### [PROBLEM STATEMENT]
Once you reach the line containing "русский человек, поддерживаю" in the entries below, write out that line and each one after it down to the line containing "We didn't know", exactly and with nothing added.

### [DATA EXCERPTS]

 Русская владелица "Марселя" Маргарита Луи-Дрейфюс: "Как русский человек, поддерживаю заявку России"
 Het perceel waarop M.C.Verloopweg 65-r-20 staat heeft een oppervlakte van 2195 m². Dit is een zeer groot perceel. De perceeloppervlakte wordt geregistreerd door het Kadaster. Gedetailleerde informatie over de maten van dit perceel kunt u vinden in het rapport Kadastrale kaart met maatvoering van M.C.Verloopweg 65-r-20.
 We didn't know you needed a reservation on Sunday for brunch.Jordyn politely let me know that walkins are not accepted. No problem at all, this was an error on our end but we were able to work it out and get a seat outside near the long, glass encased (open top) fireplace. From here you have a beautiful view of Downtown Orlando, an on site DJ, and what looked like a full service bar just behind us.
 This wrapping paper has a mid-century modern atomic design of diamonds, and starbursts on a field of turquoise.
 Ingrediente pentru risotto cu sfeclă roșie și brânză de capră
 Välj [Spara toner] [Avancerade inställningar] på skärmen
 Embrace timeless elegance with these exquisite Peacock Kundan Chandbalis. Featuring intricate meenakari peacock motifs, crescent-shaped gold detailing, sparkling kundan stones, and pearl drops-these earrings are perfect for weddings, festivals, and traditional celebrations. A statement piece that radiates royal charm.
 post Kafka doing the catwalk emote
--
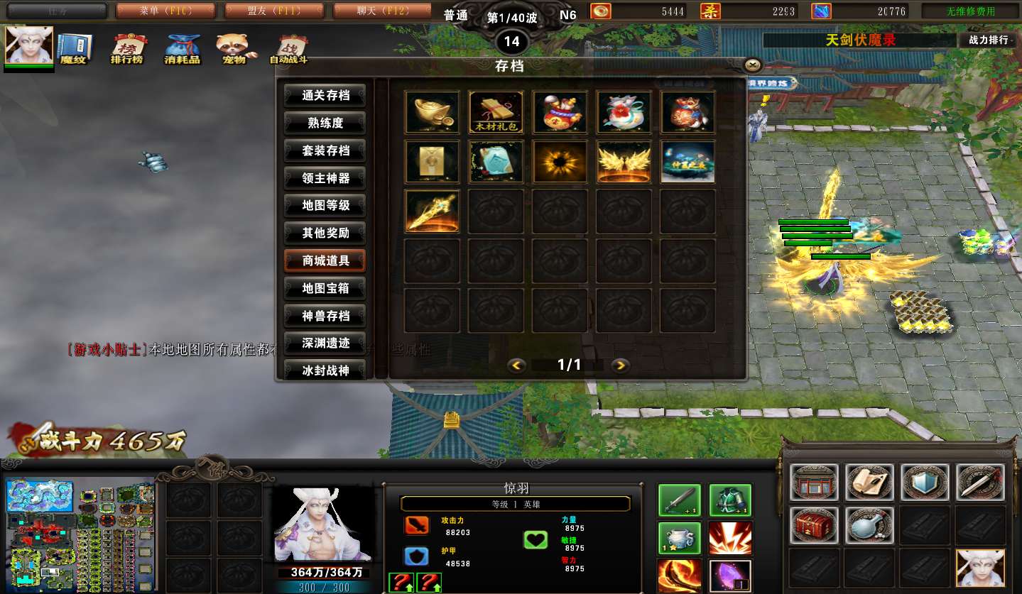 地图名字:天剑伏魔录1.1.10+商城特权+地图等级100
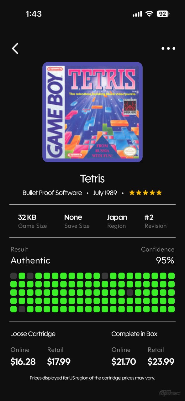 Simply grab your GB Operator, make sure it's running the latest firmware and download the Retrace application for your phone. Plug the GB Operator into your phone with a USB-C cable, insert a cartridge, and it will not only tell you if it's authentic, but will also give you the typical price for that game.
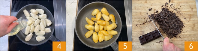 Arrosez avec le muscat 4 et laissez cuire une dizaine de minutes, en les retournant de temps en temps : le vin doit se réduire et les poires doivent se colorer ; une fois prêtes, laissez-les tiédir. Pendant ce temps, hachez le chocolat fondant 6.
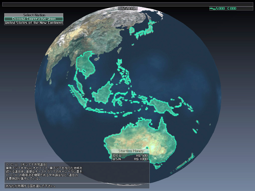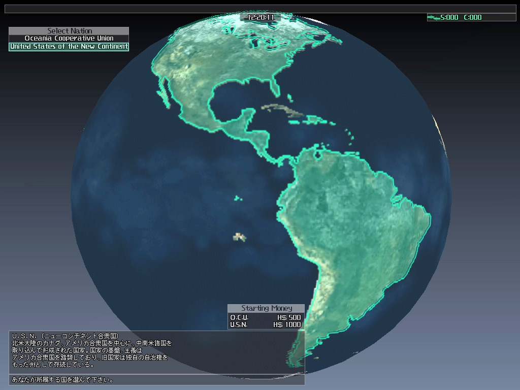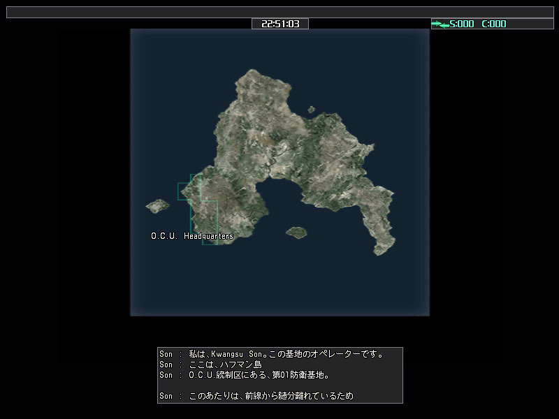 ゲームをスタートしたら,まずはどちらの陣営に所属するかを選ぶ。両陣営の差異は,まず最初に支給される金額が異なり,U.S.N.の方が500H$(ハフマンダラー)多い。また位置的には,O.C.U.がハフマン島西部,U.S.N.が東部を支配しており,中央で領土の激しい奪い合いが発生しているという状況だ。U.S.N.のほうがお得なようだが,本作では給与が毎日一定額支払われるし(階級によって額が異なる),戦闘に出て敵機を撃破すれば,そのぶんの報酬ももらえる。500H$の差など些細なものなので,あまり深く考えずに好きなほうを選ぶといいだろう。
...
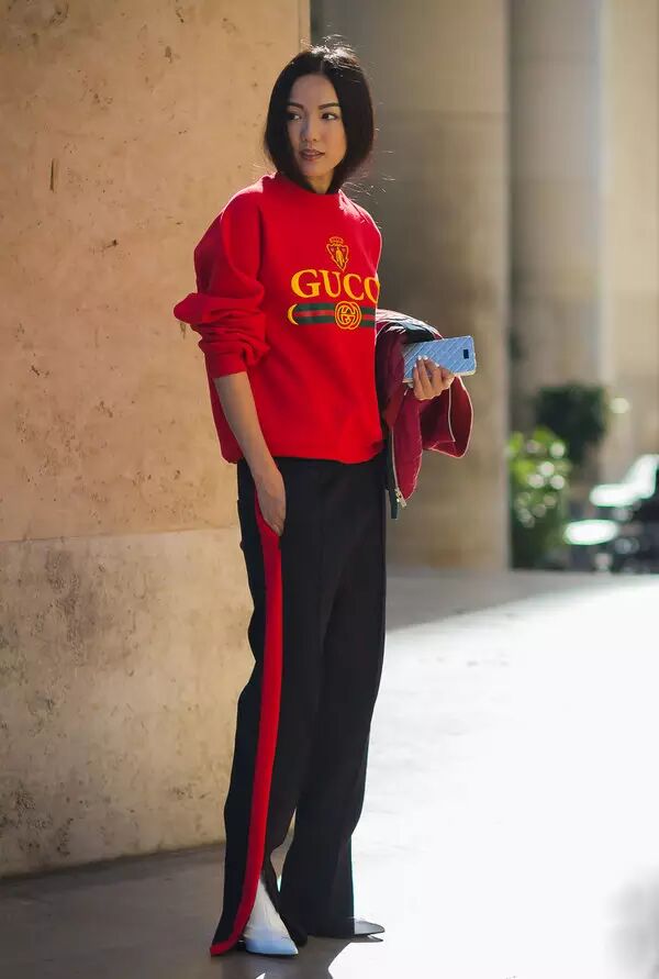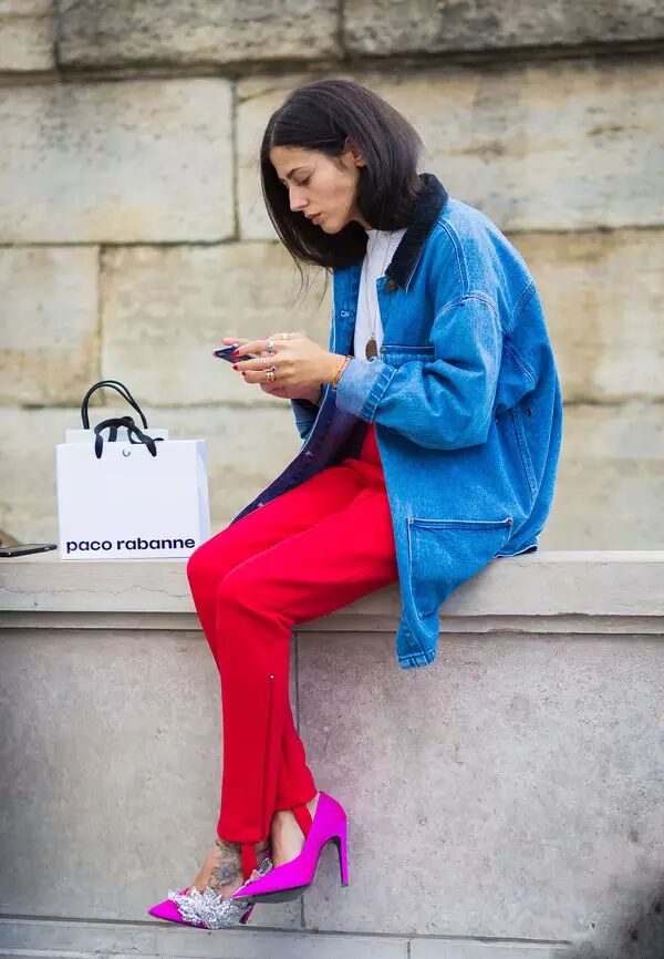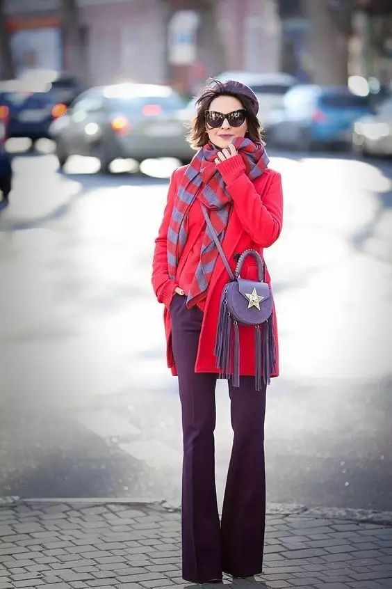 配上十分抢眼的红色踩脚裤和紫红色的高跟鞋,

### [SOLVED PROBLEM]
 Русская владелица "Марселя" Маргарита Луи-Дрейфюс: "Как русский человек, поддерживаю заявку России"
 Het perceel waarop M.C.Verloopweg 65-r-20 staat heeft een oppervlakte van 2195 m². Dit is een zeer groot perceel. De perceeloppervlakte wordt geregistreerd door het Kadaster. Gedetailleerde informatie over de maten van dit perceel kunt u vinden in het rapport Kadastrale kaart met maatvoering van M.C.Verloopweg 65-r-20.
 We didn't know you needed a reservation on Sunday for brunch.Jordyn politely let me know that walkins are not accepted. No problem at all, this was an error on our end but we were able to work it out and get a seat outside near the long, glass encased (open top) fireplace. From here you have a beautiful view of Downtown Orlando, an on site DJ, and what looked like a full service bar just behind us.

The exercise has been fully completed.